Transcribe all the entries word for word, but omit the images.

== WORKING DATA

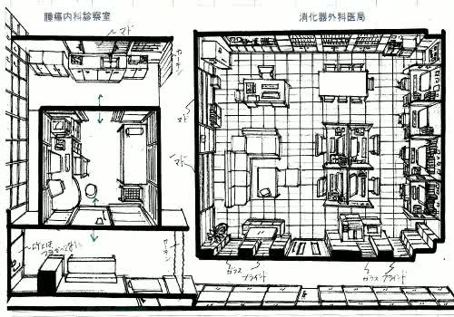 柳川:セットにスケール感を出すために、長い廊下をデザインしたかったのですが、ここでもスタジオサイズの問題が出てきて。そこで監督には、セットを二層構造にして2階に医局を置くことで、医局の背景に下を走る長い廊下を映り込ませるという提案をしました。
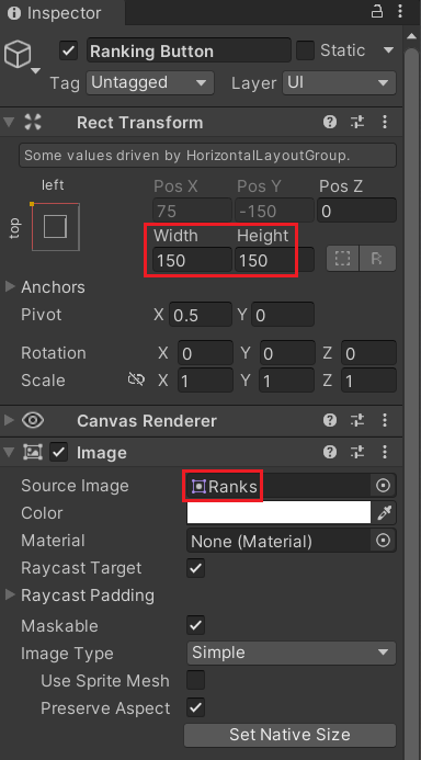 : 'Dark UI' - 'Prefabs Button' - 'Ranking Button' 을 가져와서 Prefab을 해제한 다음 사용
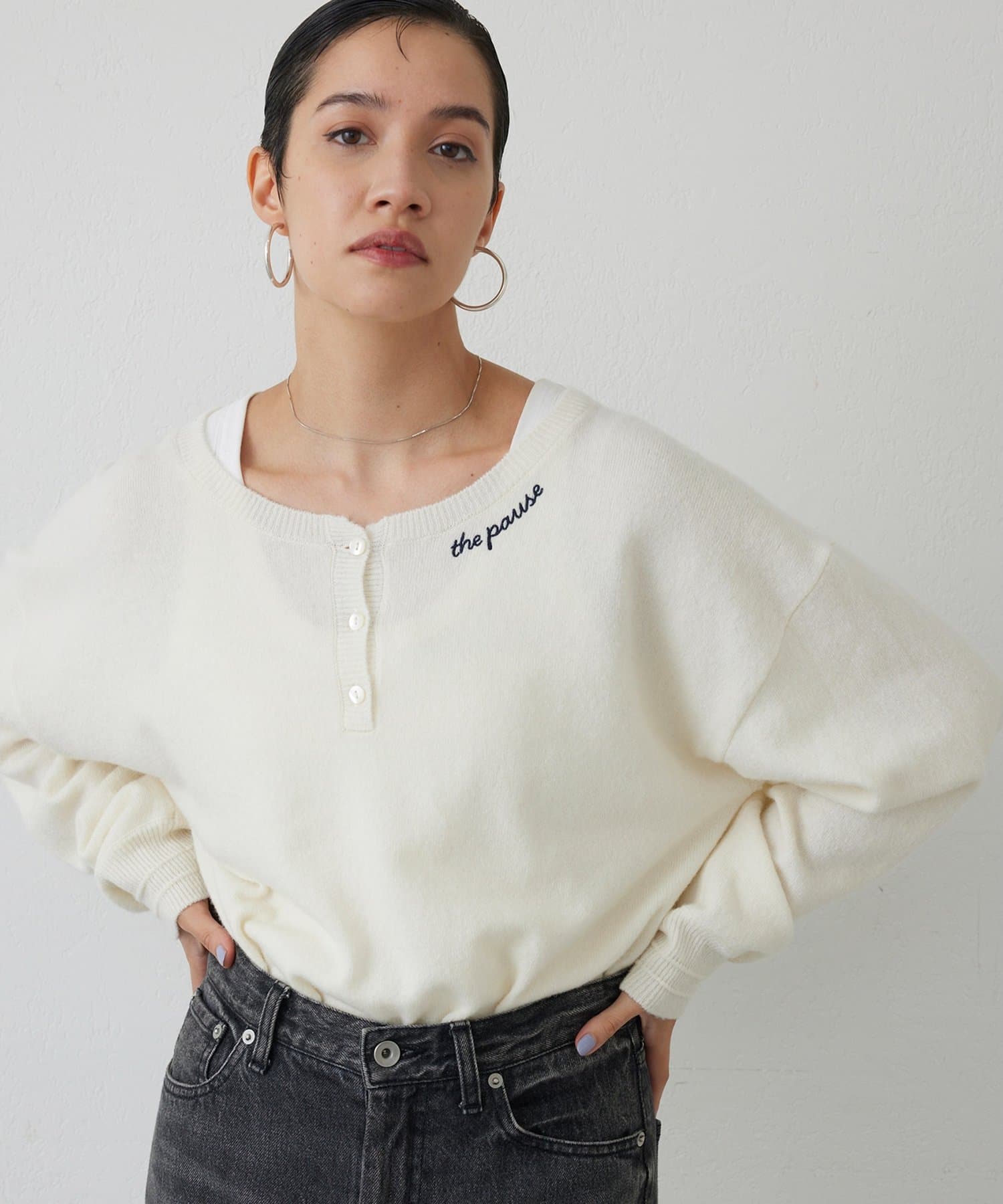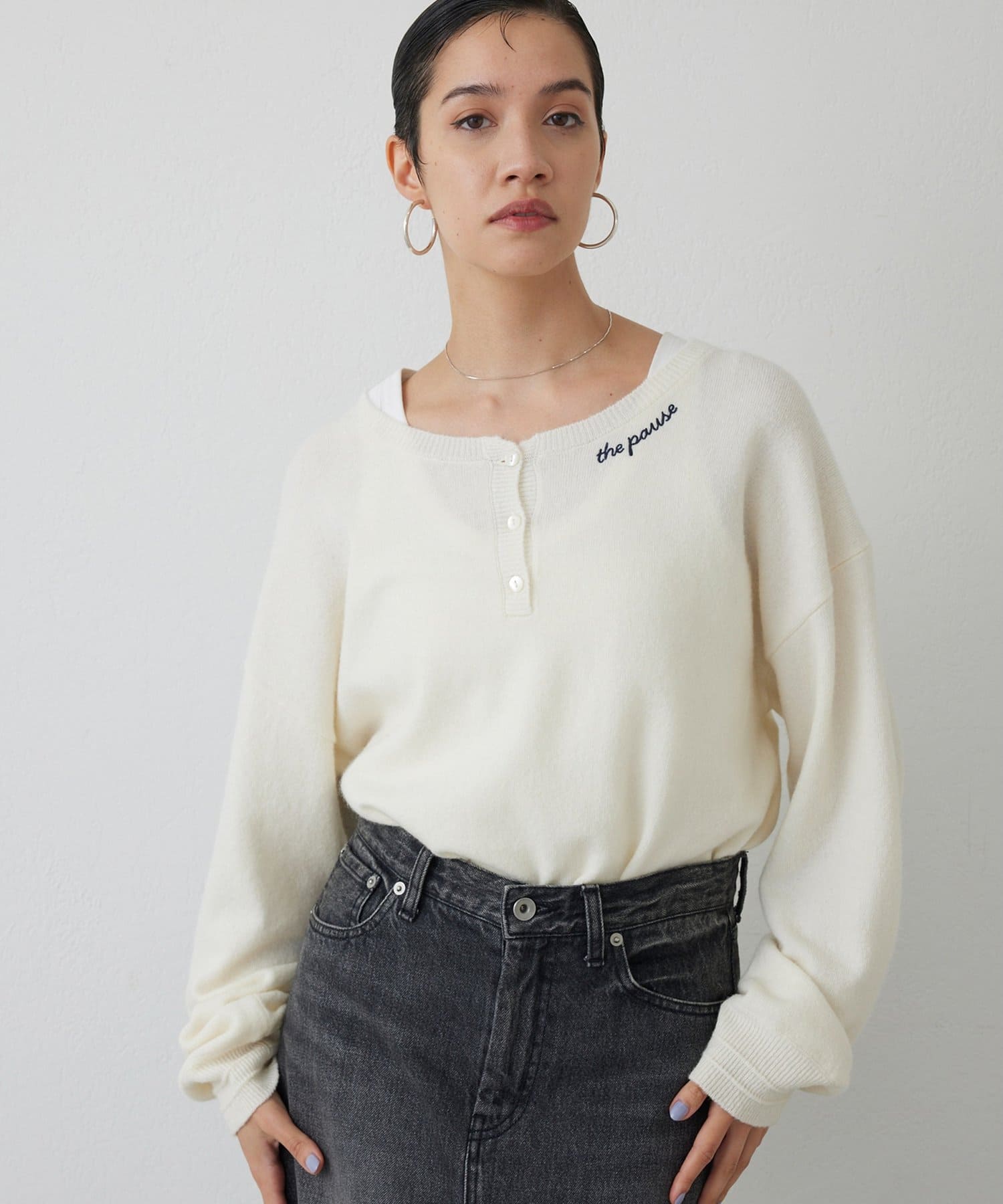 【THE PAUSE】ヘンリーネック刺繍プルオーバー
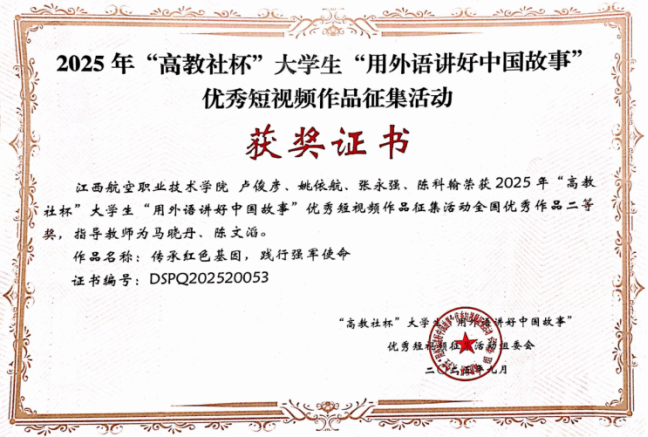 2025年9月,从“高教社杯”用英语讲中国故事全国总决赛现场传来喜讯,我校国防教育学院卢俊彦,姚依航,张永强,陈科翰四名同学凭借其出色的语言能力和深厚的文化素养,从众多优秀选手中脱颖而出,荣获全国二等奖,展现了我校学子的卓越风采。
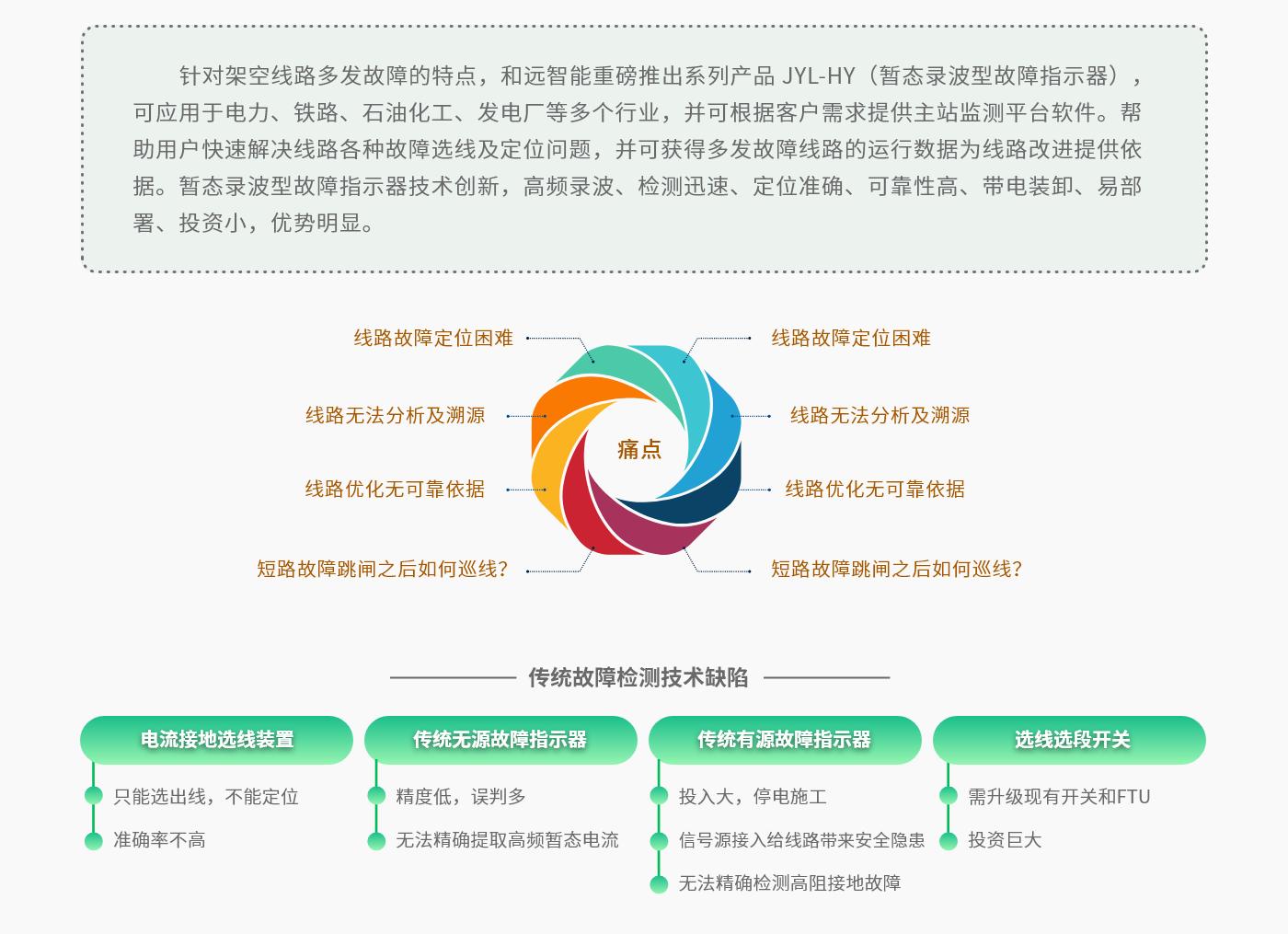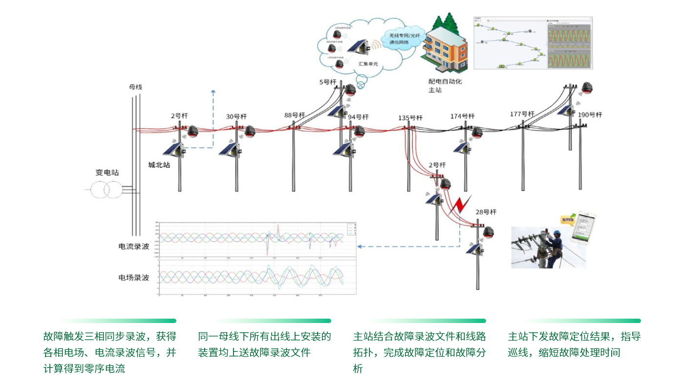 作為智能電網(wǎng)建設(shè)的重要環(huán)節(jié),配電網(wǎng)在電力系統(tǒng)中起著至關(guān)重要的作用。在我國(guó),配電網(wǎng)在整個(gè)電力系統(tǒng)中尚處于非常薄弱的環(huán)節(jié),配電網(wǎng)絡(luò)結(jié)構(gòu)復(fù)雜、線路長(zhǎng)、分支多,用戶(hù)遭遇的停電,90%以上由配電系統(tǒng)故障引起,其中瞬時(shí)性故障、弧光故障、高阻故障占比超過(guò)50%,且故障查找、分析和運(yùn)行數(shù)據(jù)的獲取非常困難。
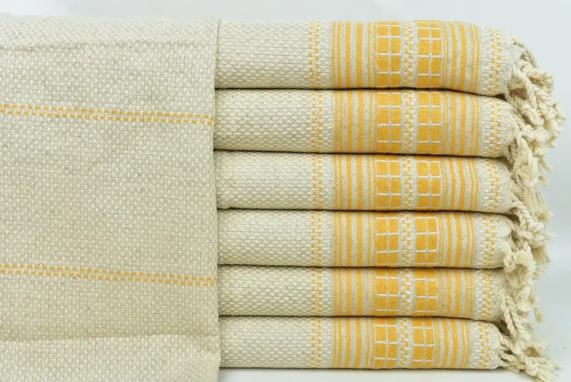 Embroidered Kitchen Towel Mustard Linen Hand Towel, 20x40 Inches
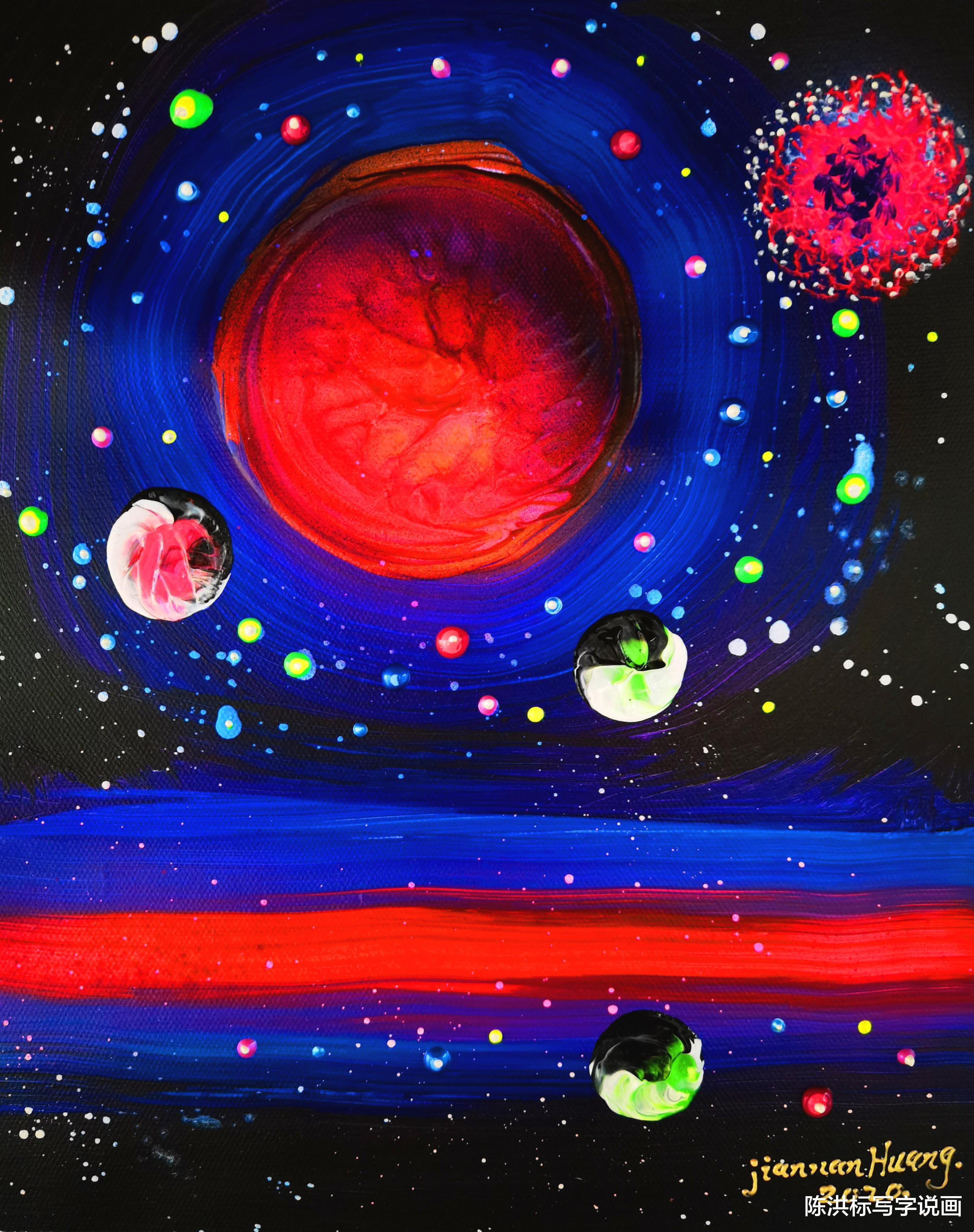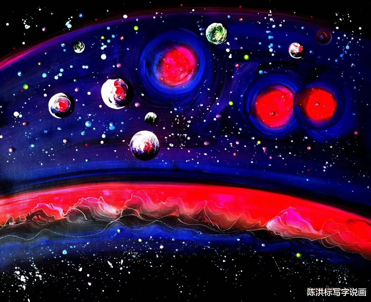与NASA合作创作《宇宙密码》系列和《星际》系列,无论是想象中的浩瀚宇宙,还是哈勃望远镜拍摄的星云图片,都通过独特的技法一一转化为绘画语言,这种“科学艺术化”路径赢得西方艺术界的追捧,被称为世界美术史上从来没有过的艺术,“创立了独特的个人综合绘画系统和新体系”。
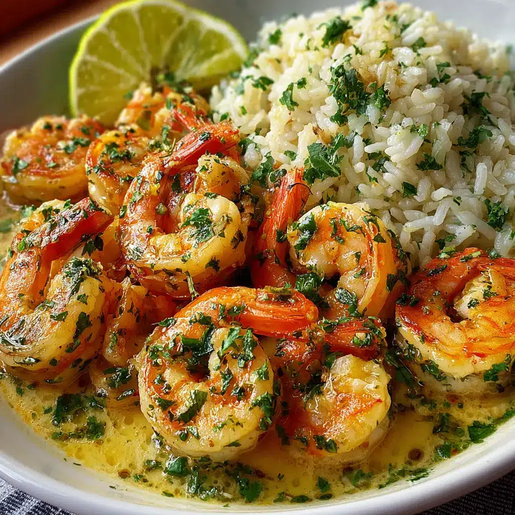 - Sirve sobre el arroz: Coloca el arroz de cilantro en platos y algunos de los camarones al limón y ajo, rociando la salsa por encima.
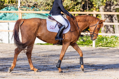 Superbe jument modèle sport, une boule d'énergie déjà très mature sur les barres. Très facile en parcours malgré beaucoup de sang. Faite pour de la compétition, prête sur un parcours d'1m20.
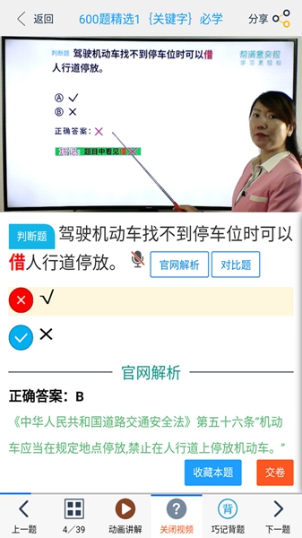 包含科目一(含科四)、科二(包括科目三)各地区习题,真实还原考试场景,有效提高考生学习效率;
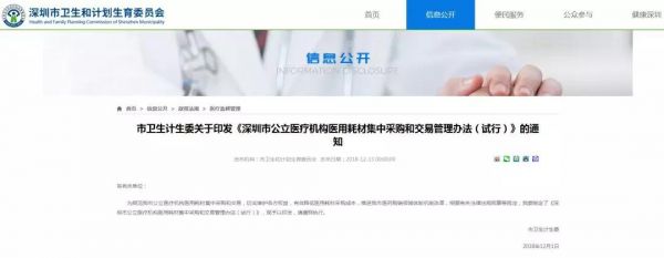 2018年1月,深圳市卫计委起草《深圳市公立医疗机构医用耗材集中采购改革试点工作方案(试行)》、《深圳市公立医疗机构医用耗材集中采购和交易管理办法(试行)》,并向社会公开征求意见。
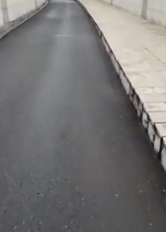 A person rides a bicycle through a tunnel. The walls of the tunnel are made of gray stone, and the road is black asphalt. The sky is overcast. The bicycle has a white wire basket.

====

_ANSWER FOR THE TASK:_
 柳川:セットにスケール感を出すために、長い廊下をデザインしたかったのですが、ここでもスタジオサイズの問題が出てきて。そこで監督には、セットを二層構造にして2階に医局を置くことで、医局の背景に下を走る長い廊下を映り込ませるという提案をしました。
 : 'Dark UI' - 'Prefabs Button' - 'Ranking Button' 을 가져와서 Prefab을 해제한 다음 사용
 【THE PAUSE】ヘンリーネック刺繍プルオーバー
 2025年9月,从“高教社杯”用英语讲中国故事全国总决赛现场传来喜讯,我校国防教育学院卢俊彦,姚依航,张永强,陈科翰四名同学凭借其出色的语言能力和深厚的文化素养,从众多优秀选手中脱颖而出,荣获全国二等奖,展现了我校学子的卓越风采。
 作為智能電網(wǎng)建設(shè)的重要環(huán)節(jié),配電網(wǎng)在電力系統(tǒng)中起著至關(guān)重要的作用。在我國(guó),配電網(wǎng)在整個(gè)電力系統(tǒng)中尚處于非常薄弱的環(huán)節(jié),配電網(wǎng)絡(luò)結(jié)構(gòu)復(fù)雜、線路長(zhǎng)、分支多,用戶(hù)遭遇的停電,90%以上由配電系統(tǒng)故障引起,其中瞬時(shí)性故障、弧光故障、高阻故障占比超過(guò)50%,且故障查找、分析和運(yùn)行數(shù)據(jù)的獲取非常困難。
 Embroidered Kitchen Towel Mustard Linen Hand Towel, 20x40 Inches
与NASA合作创作《宇宙密码》系列和《星际》系列,无论是想象中的浩瀚宇宙,还是哈勃望远镜拍摄的星云图片,都通过独特的技法一一转化为绘画语言,这种“科学艺术化”路径赢得西方艺术界的追捧,被称为世界美术史上从来没有过的艺术,“创立了独特的个人综合绘画系统和新体系”。
 - Sirve sobre el arroz: Coloca el arroz de cilantro en platos y algunos de los camarones al limón y ajo, rociando la salsa por encima.
 Superbe jument modèle sport, une boule d'énergie déjà très mature sur les barres. Très facile en parcours malgré beaucoup de sang. Faite pour de la compétition, prête sur un parcours d'1m20.
 包含科目一(含科四)、科二(包括科目三)各地区习题,真实还原考试场景,有效提高考生学习效率;
 2018年1月,深圳市卫计委起草《深圳市公立医疗机构医用耗材集中采购改革试点工作方案(试行)》、《深圳市公立医疗机构医用耗材集中采购和交易管理办法(试行)》,并向社会公开征求意见。
 A person rides a bicycle through a tunnel. The walls of the tunnel are made of gray stone, and the road is black asphalt. The sky is overcast. The bicycle has a white wire basket.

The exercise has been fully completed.